Technology in the early 70’s was fairly elementary while simultaneously there were low capital inflows into the industry. Moreover, Indonesian firms were focused only on the local market due to its size and potential. Additionally, most finished products were imported. The government then banned imports, requiring foreign firms to produce products locally. This catalyzed a shift towards local firms producing generics as a substitute for foreign imports. I think Indonesia is not yet ready for a transition to an export driven economic model. With increasing ASEAN harmonization we are starting to see a stronger push towards exports, though there are also new entrants in the Indonesia market from other ASEAN countries. Companies from Thailand or the Philippines, for example, are looking to take advantage of what will be a common market with a population of 500 million. This is creating new incentives for Indonesian firms to comply with international standards. Even thirteen years ago it was a different story, when local firms were undercapitalized, with much lower turnovers and little reason to make expensive capital outlays to comply with international standards. Indonesian firms don’t always have the best reputation for product quality.

As you look to expand distribution worldwide, how will you overcome some of these negative perceptions in foreign markets, particularly the more sophisticated markets?
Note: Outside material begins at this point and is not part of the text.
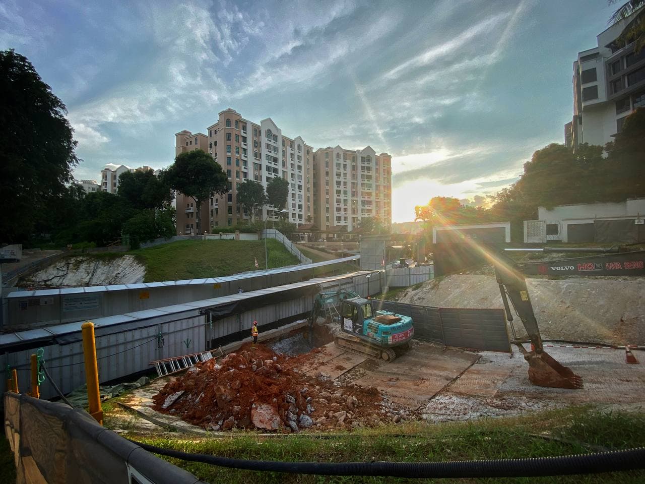 The underpass is part of a new road that links Hillview Rise to Dairy Farm Road, a major two-lane dual carriageway that will have a third lane added to each side. When The Straits Times visited on Monday (Oct 18), earth-retaining walls were being installed along a stretch of Dairy Farm Road flanking a part of the Wallace Trail - a popular walking trail.

Sophisticated markets such as the United States have the highest standards for drug manufacturing and product quality. Indonesian standards aren’t currently at that level. While there is talk of harmonizing standards between the FDA and PIC , it isn’t clear when this will actually occur. While some Indonesian firms are looking to enter the more sophisticated markets, it will necessarily be a gradual process. When it comes to Mensa Group, it will take time to penetrate these markets. We are first looking to enter markets that don’t have such stringent barriers to entry. We firmly stand by our commitment to the safety and quality of our drugs, but it will be some time before we make a concerted push to enter sophisticated markets. You have established Mensa Group as a successful local player, made a number of partnerships with international companies, and expanded to international markets.
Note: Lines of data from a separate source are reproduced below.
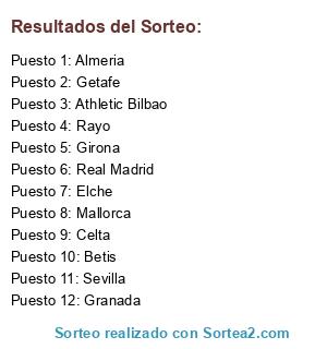 Lista de participantes: Athletic Bilbao, Almeria, Betis, Celta, Elche, Getafe, Girona, Granada, Mallorca, Rayo, Real Madrid, Sevilla.
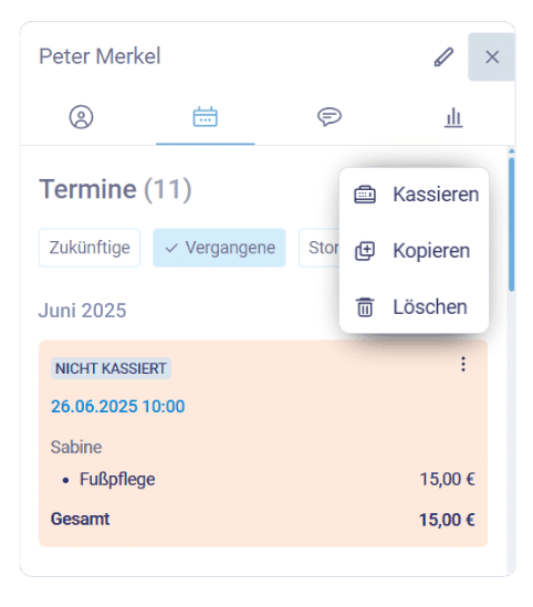 Öffnet die Kundenkartei, wählt die jeweilige Kund:in aus und geht auf das Terminbuch-Symbol. Dort könnt ihr euch nur die vergangenen Termine anzeigen lassen. Nicht kassierte Termine werden in rot hervorgehoben. Klickt in der Terminbox oben rechts auf die drei Punkte und wählt die Option „Kassieren“.
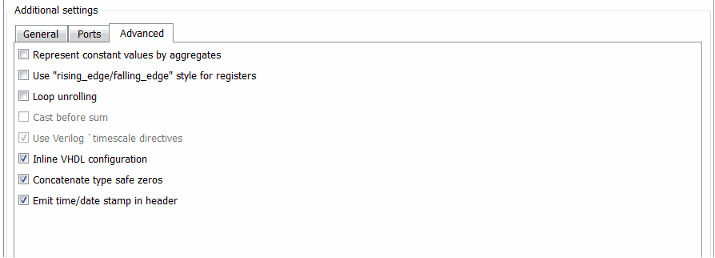 Выберите параметр Use 'rising _ edge' для регистров. Теперь панель Дополнительно (Advanced) отображается, как показано на следующем рисунке.

What are you major goals remaining for the future? Where will we see Mensa Group in give years?

Mensa Group is looking to continue to grow and develop its business units. We are aiming to become a top five local player in the upcoming years. Global ambitions are still an important part of the strategy, but expanding market share locally will be a key stepping stone in the near future. One of the most important strategic transformations will be introducing modern management systems such as the balanced scorecard, new IT systems and HR information systems. There are large investments in these areas and it is believed that these investments will show significant returns in the coming years. The company is in a second stage of growth. The first era was building the company from scratch to where it is today. The second era is just beginning, where we are transforming the firm into a modern, globalized player. This means employees now have an opportunity to explore their creativity and be a part of the new history of Mensa Group. We are a medium sized company and that means there are many different ways for our employees to play a major role in the future of the group. To support these efforts we are investing in HR, in career planning and career path building. We are investing in the people who will be Mensa Group’s future.

What is your final message for Pharmaceutical Executive’s international readers looking to enter the Indonesian market?
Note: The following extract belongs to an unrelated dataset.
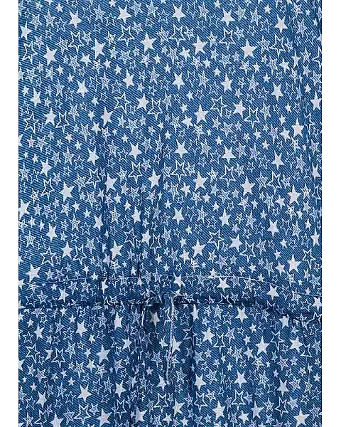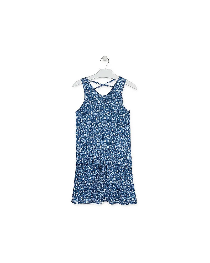 Vestido de color FUCSIA de estrellitas para chica. Vestido cuello pico de tirantes con tiras cruzadas en el escote de la...

Indonesia is a country with huge opportunities. However, it can be daunting for foreign firms to navigate the complicated specifics of what can also be a challenging market. They key to success is finding the right local partner. Indonesia’s pharmaceutical market is similar to Thailand’s in size and market dynamics. Yet, Thailand has one-third the population of Indonesia. This comparison truly illustrates the country’s potential. At the same time, Western standard business practices are not always applicable here, and thus a local partner is always a major factor in successfully entering the Indonesian market.